TestpilotInnen im österreichischen Detroit

Münichholz sagt, machen wir! Go Albuquerque. Not just around. Go Albuquerque. Das Bild- und Wortprojekt STEYR GOES AROUND als social media-affines Streugut ist schnell gefunden: 45# Hashtags für Steyr. Ein bisschen wird es noch dauern. Ein wenig nur. Noch sind da Eisen und Erz als Geschichtsmarker auf der Parallelspur in geeigneter Position zu belassen. Ein Text bleibt ein Text. Mehrere Frequenzen lang.

Little Detroit? Gegenwärtig ziehen die Prototypen der BMW Group Werk Steyr ihre kleinen Kreise um den hügeligen Stadtteil Christkindl herum: In auffällig beklebten Karosserien kurven die frisch am Laufband zusammengefügten Autos die Hügel hinauf auf einspurigen Straßen.

Von wegen Tarnkappe. Vorsicht, Betriebsspionage! Mit an Bord sämtliche Computer zu Aufzeichnungszwecken. Was kann der neue Wagen? Was kann er nicht? Die Auswertung erfolgt parallel auf dem Bildschirm drüben im Werk im Stadtteil Münichholz. Was so ein Testpilot alles sieht auf Nebenfahrbahnen, vormittags, zu einer toten Stunde an einem toten Winkel.

Der beste Geschichtenerzähler aller Zeiten wäre/ist so ein Fahrer! Go Albuquerque. Not just around. Ich sage es in den leichten Fahrtwind, der Vorderreifen des Leihrades platzt lauthals, knallt in den Steyrer Obstschaugarten hinüber, wo es zurückschallt. Die Dame mit Hund unter dem Apfelbaum dreht den Kopf. What the fallen foreign fellows! Don´t fall apart.

Vor Pannen und Platten war auch Ladislaus E. Almásy nicht gefeit gewesen auf seinen abenteuerlichen Expeditionen durch Afrika und den Vorderen Orient. Der österreichisch-ungarische Afrikaforscher, Testpilot und Expeditionsführer hinterließ nicht nur zahlreiche Aufzeichnungen, Skizzen, Fotos und Abenteuerliteratur, sondern Mythen und Gerüchte. Seine Rolle als Entdecker und Forscher während des Nationalsozialismus scheint unentwirrbar. Durch den Kinofilm Der englische Patient wurde der mythenumrankte Forscher einer breiten Öffentlichkeit (wieder) in Erinnerung gerufen. Mit der Filmfigur des Grafen László Almásy hat seine wahre Biografie jedoch wenig zu tun.

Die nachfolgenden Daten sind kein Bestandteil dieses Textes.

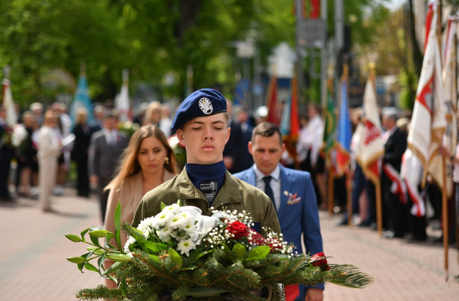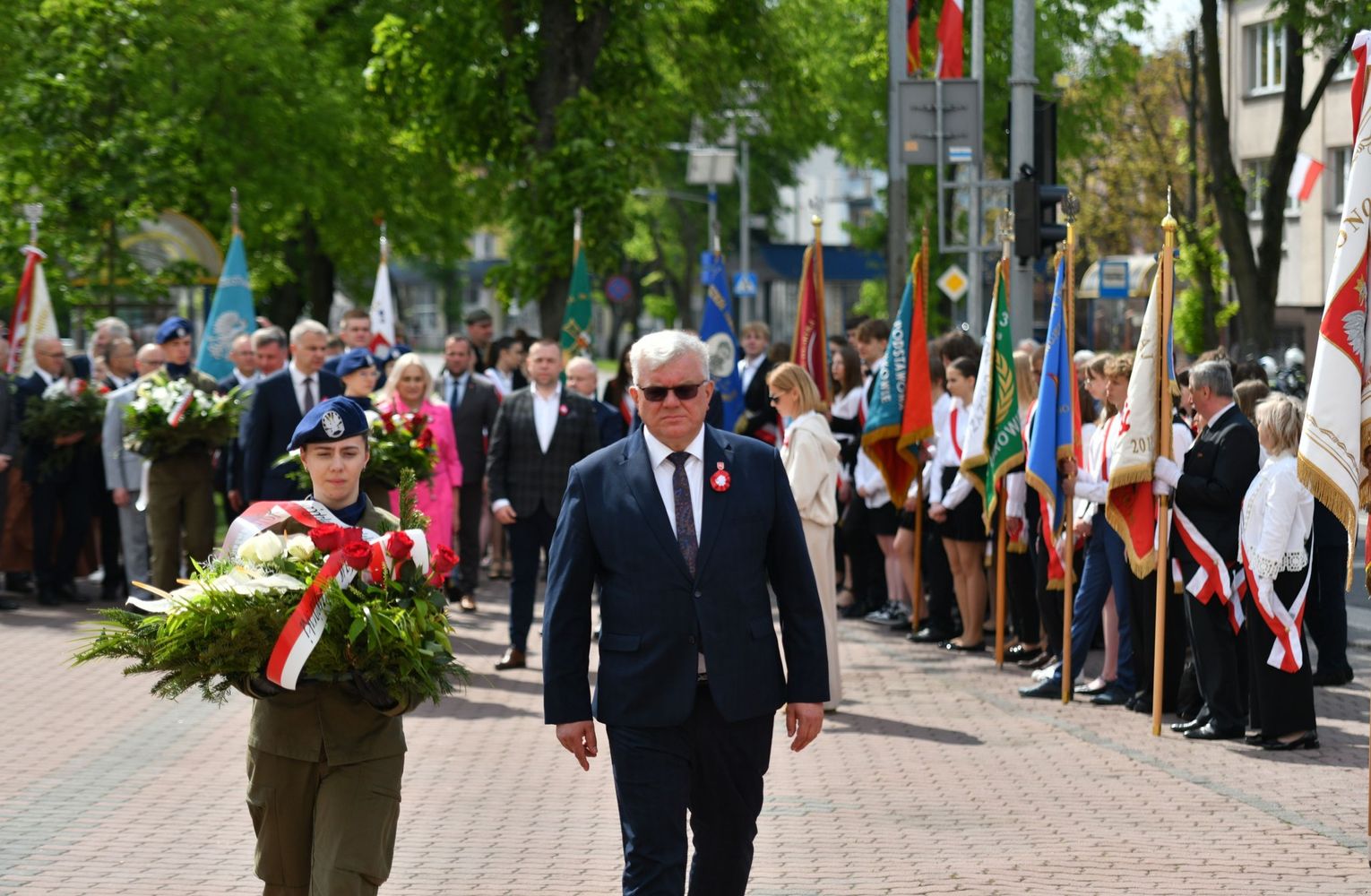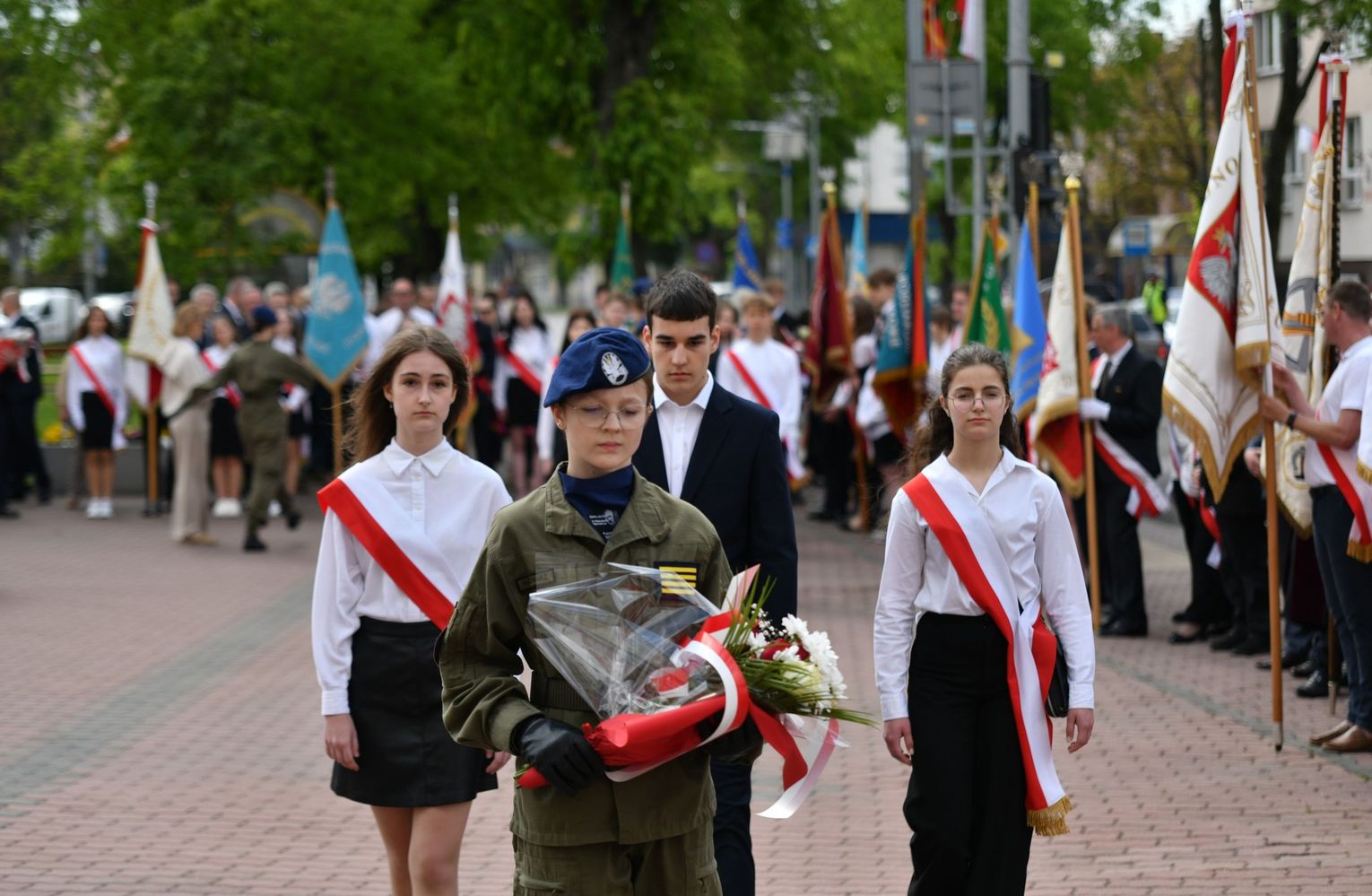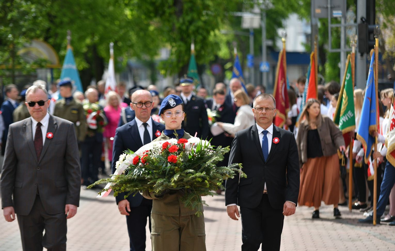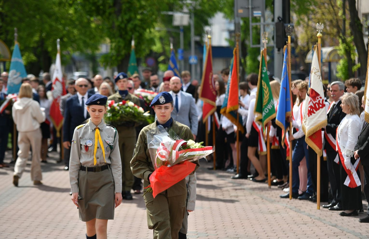 Wydarzenie rozpoczęła Msza Święta w Kolegiacie pw. Przemienienia Pańskiego, z udziałem pocztów sztandarowych instytucji i szkół z terenu Powiatu Łukowskiego. Dalsza część obchodów odbyła się pod tablicą upamiętniającą uchwalenie Konstytucji 3 Maja w Łukowie. Uroczystość rozpoczęła się przemówieniem Posła na Sejm Rzeczypospolitej Polskiej Sławomira Skwarka. Następnie listy okolicznościowe odczytali: w imieniu Marszałka Województwa Lubelskiego Jarosława Stawiarskiego – Radny Sejmiku Województwa Lubelskiego Ryszard Szczygieł oraz w imieniu Wojewody Lubelskiego Krzysztofa Komorskiego – Zastępca Burmistrza Miasta Łuków Mateusz Popławski. Okolicznościowe przemówienie w imieniu samorządu powiatowego, miejskiego i gminnego wygłosił Starosta Łukowski Dariusz Szustek. Kolejnym punktem uroczystości był pokaz musztry paradnej w wykonaniu kadetów klas mundurowych z Zespół Szkół im. Władysława Tatarkiewicza w Radoryżu Smolanym. Trenerem i dobrym duchem kadetów jest Daniel Sobczak. Zarząd Powiatu Łukowskiego postanowił nagrodzić reprezentacyjny oddział musztry paradnej z Zespołu Szkół im. Władysława Tatarkiewicza w Radoryżu Smolanym za aktywne uczestnictwo w prestiżowych konkursach o zasięgu ogólnopolskim oraz regularne zdobywanie czołowych lokat. W uznaniu tych osiągnięć oddział otrzymał od Zarządu Powiatu szablę reprezentacyjną. Ostatnim punktem uroczystości było złożenie kwiatów przed tablicą upamiętniającą uchwalenie Konstytucji 3 Maja w Łukowie znajdującej się na budynku Powiatowego Urzędu Pracy. Uroczystość uświetnił występ orkiestry dętej Towarzystwa Muzycznego im. Antoniego Próchniewicza w Łukowie pod batutą kapelmistrza Tadusza Bochmana. W ramach obchodów odbyły się również XXXII Łukowskie Uliczne Biegi 3 Maja pod honorowym patronatem Rady i Burmistrza Miasta Łuków. Niech żyje Konstytucja 3 Maja! Niech żyje Polska!

Robuste Steyr Lastkraftwägen aus Grazer Produktion (die LKW-Sparte wurde 1990 an MAN verkauft) waren Almásys stabile Begleiter, etwa auf der Expedition durch Ägypten in den Sudan. Das österreichische Detroit wusste der zweitgeborene Sohn von György Almásy früh gekonnt zu nutzen: Als Testimonial der Steyr Werke profitierte er vom Equipment, das ihm zur Verfügung gestellt wurde. Almásy zog seine Radien zur Pionierzeit des Automobils etwas weiter als die gegenwärtigen Testpiloten in Steyr, die über den verwaisten Museumsbahnhof Steyrtal hinauf nach Christkindl ihre Testrunden ziehen.

Detroit und Ford, während gegenwärtig matchagrün die Enns. Unterhalb des Tabors, in der HTL Steyr, sitzen die Techniker und Pioniere von morgen.

Sprung über den Atlantik. Kaum ein Land hat seit Beginn der Automobilindustrie mehr On the Road-Faszination ausgeübt als das Land der unbegrenzten Möglichkeiten. Mit dem Import erfolgreicher Massenmodelle wie zum Beispiel dem Ford Model T kam der Hype nach Europa und ebnete auch hierzulande den Weg für die Massenproduktion. Der britische Autor Tim Moore beschreibt in seinem Buch T wie Trouble seine abenteuerliche Tour in einem Original Ford Model T durch Trumps Amerika. Alice B. Toklas & Gertrude Stein, die viele Jahre in Frankreich lebten, nannten ihren störrischen aber robusten Ford Model T liebevoll Tante Pauline, kurz auntie. Vor allem während der beiden Weltkriege leistete er dem illustren Gespann wertvollste Dienste.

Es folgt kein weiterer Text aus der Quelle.